J. H. Schneider & Co. v. Amendola

113 N.Y.S. 517 | N.Y. App. Term. | 1908

FORD, J.

This is an appeal from a final order dismissing the landlord’s petition in summary proceedings upon the ground of insufficient notice.

There was evidence from which the jury might well have found that the tenancy was commenced on the basis of a monthly hiring, in contradistinction to the hiring “from month to month,” which creates a tenancy of uncertain duration, requiring 30 days’ notice for its termination. In the testimony of the witness Cairns, who, as representative of the landlord, had the first negotiations with the tenant appears the following:

“Q. Was there anything said about a lease at that time? A. Yes; there was. The matter of a lease was broached by Mr. Amendola.
“Q. What did he say, and what did you say? A. I told him Mr. Amendola asked me if he could get a lease. I told him he could not, that the place was only rented from month to month, that no tenant had ever had a lease, and we could not tell when we wanted that room for our own purposes.
“Q. What did he say to that? A. Mr. Amendola said that under those conditions he could be dispossessed at any time. I asked Mr. Amendola if he was going to make any extensive repairs or alterations in the premises, or fix it up in any way, and he said, ‘No,’ he did not think he would. I told him, under those conditions, I did not see how he would be at any loss if he had to get out.”

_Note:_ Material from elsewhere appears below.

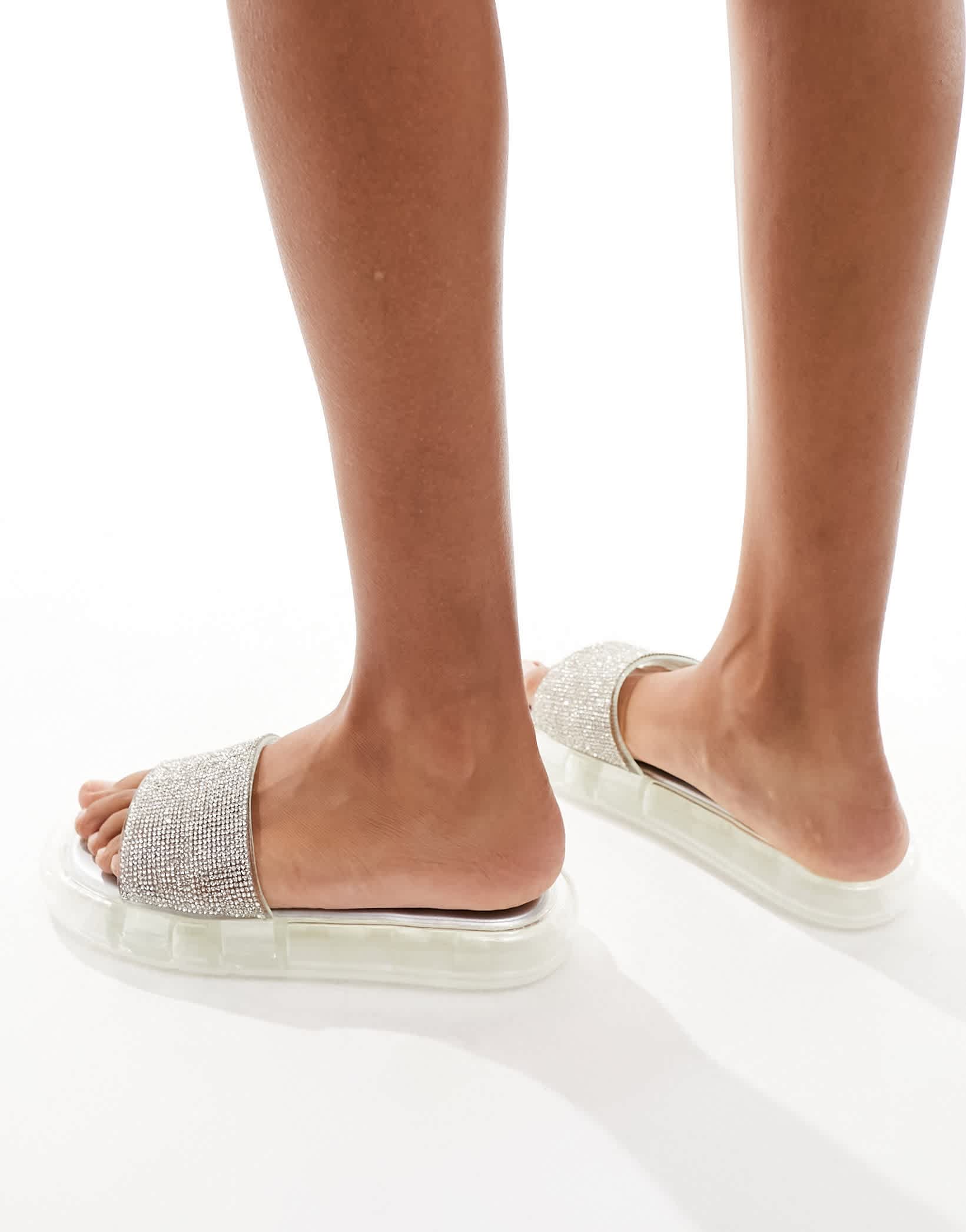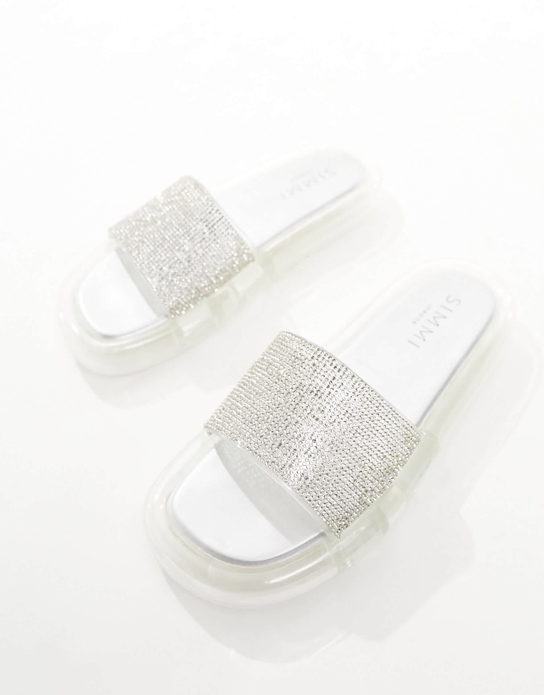 Simmi London Fan flat sandal with embellished upper in silver

Afterward the tenant saw the landlord who testifies to the following conversation with him:

“After he (the tenant) had made the preliminary arrangement with Mr. Oairns—this was in the morning before I came down to business—then after-wards Mr. Amendola came to me, and I indorsed what Mr. Oairns had done. He asked me whether there was any possibility of getting a lease, and I told him, ‘No.’ There was only a wooden partition which separates the portion of the store which Mr. Amendola occupies, and that we might use that at any time; that, if he wanted to rent that subject to a monthly rental, why he could have it, and, if that did not suit him, I would rather he did not go in. Those were the terms. He said all right he would take it under those terms.”

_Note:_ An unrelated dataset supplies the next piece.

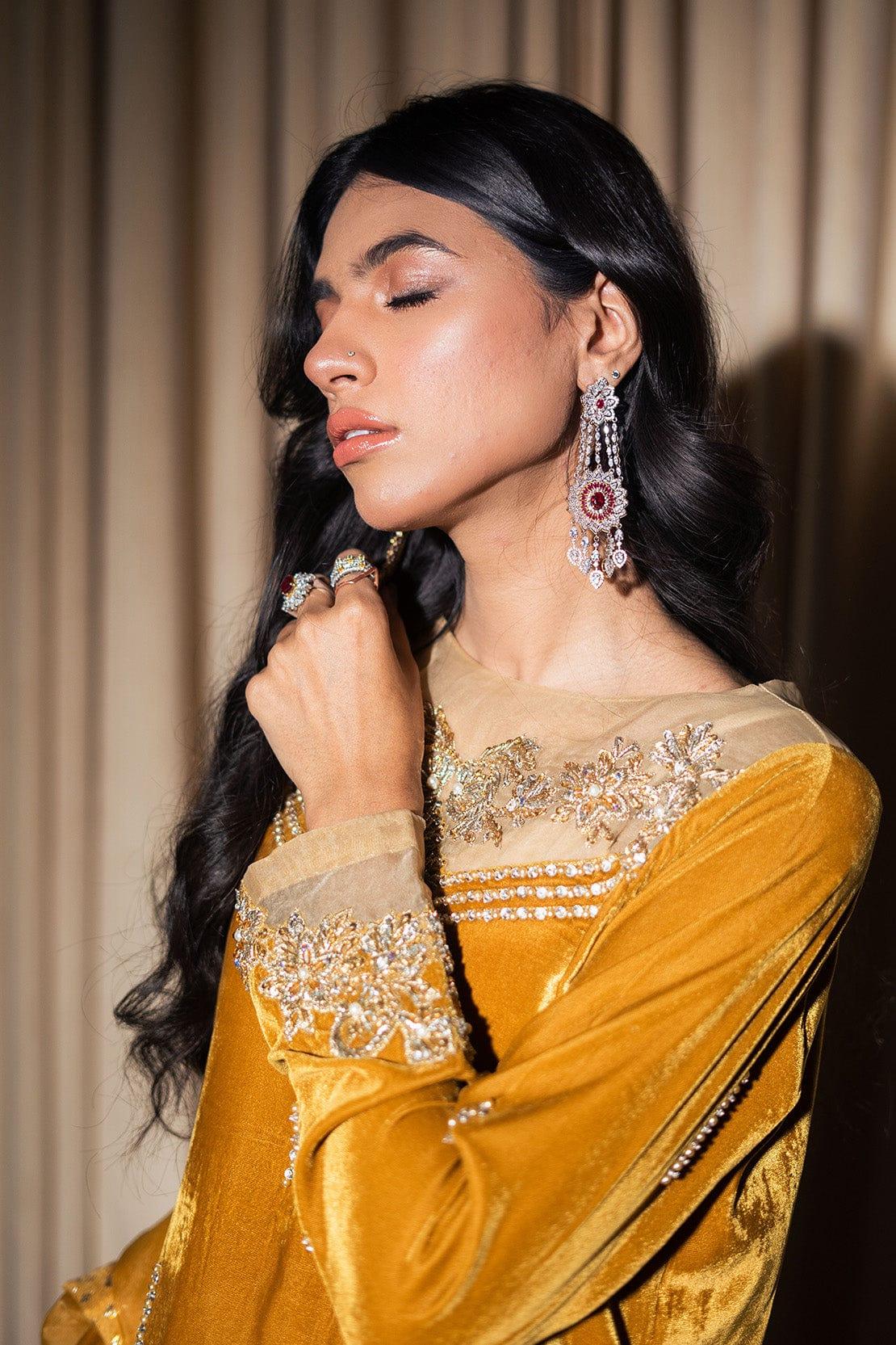 Marigold mustard velvet is used as a canvas for a long-length kurta. This sleek silhouette is ornamented with gold & silver tilla, naqshi, sequins and pearl work and paired with an organza dupatta entailing zari borders.

Thereafter the tenant went into possession and paid rent monthly from the 15th of one month to the 15th of each succeeding month. Surely this was a monthly tenancy liable to be terminated at any time, with the protection to the tenant, however, that he was entitled to the five days’ notice provided by statute. Gilfoyle v. Cahill et al., 18 Misc. Rep. 68, 41 N. Y. Supp. 29; 1 McAdam on Landlord & Tenant, § 41; George on Apartments, Flats and Tenants, § 4. After the tenancy had thus continued for a couple of years, the landlord by letter *519dated July 13th notified the tenant that he must vacate the premises by August 15th. On August 14th the latter called and asked that more time be given to him to get another place. The landlord thereupon agreed to permit him to stay an additional month—to September 15th. Appellant contends that this was in effect a new agreement for one month. In any event, no other kind of tenancy is shown than one based on a monthly hiring. To terminate such tenancy, the statutory five days’ notice was necessary. That notice was given, but respondent insists that due service as required by the statute was not proved.

At the close of the landlord’s case, a motion was made to dismiss the petition which the court at first denied, and then, after protracted argument, granted, whereupon counsel for the landlord in effect withdrew his motion, and consented to let the case go to the jury. The trial court adhered to its decision, and dismissed the petition. This constituted, I think, a waiver of the defective service to the proof of which no exception was taken during the trial, and which was not included in the specific grounds upon which the motion to dismiss was based. That such waiver is effective is established in Cutting v. Burns, 57 App. Div. 191, 68 N. Y. Supp. 274, where the court says:

“The learned counsel for the respondent insists that the disposition of the proceeding was right, for the reason that the plaintiff omitted to prove the service of the notice required by section 2236 of the Code of Civil Procedure. But the defendant appeared generally, joined issue, and went to a hearing on the merits, and made no motion at any time based upon the alleged defect. • He thus waived the jurisdictional defect, and, even if it were necessary for the plaintiff to prove such issue as part of his case, the defendant cannot first avail himself of the point upon this appeal. McNish v. Village of Peekskill, 91 Hun, 324, 326, 36 N. Y. Supp. 1022; Haines v. N. Y. C. & H. R. R. R. Co., 145 N. Y. 236, 238, 39 N. E. 949; Flandrow v. Hammond, 148 N. Y. 129, 135, 42 N. E. 511.”

The order appealed from should be reversed, and a new trial ordered, with costs to the appellant to abide the event.

HENDRICK, J., concurs. GIEGERICH, J., concurs in result.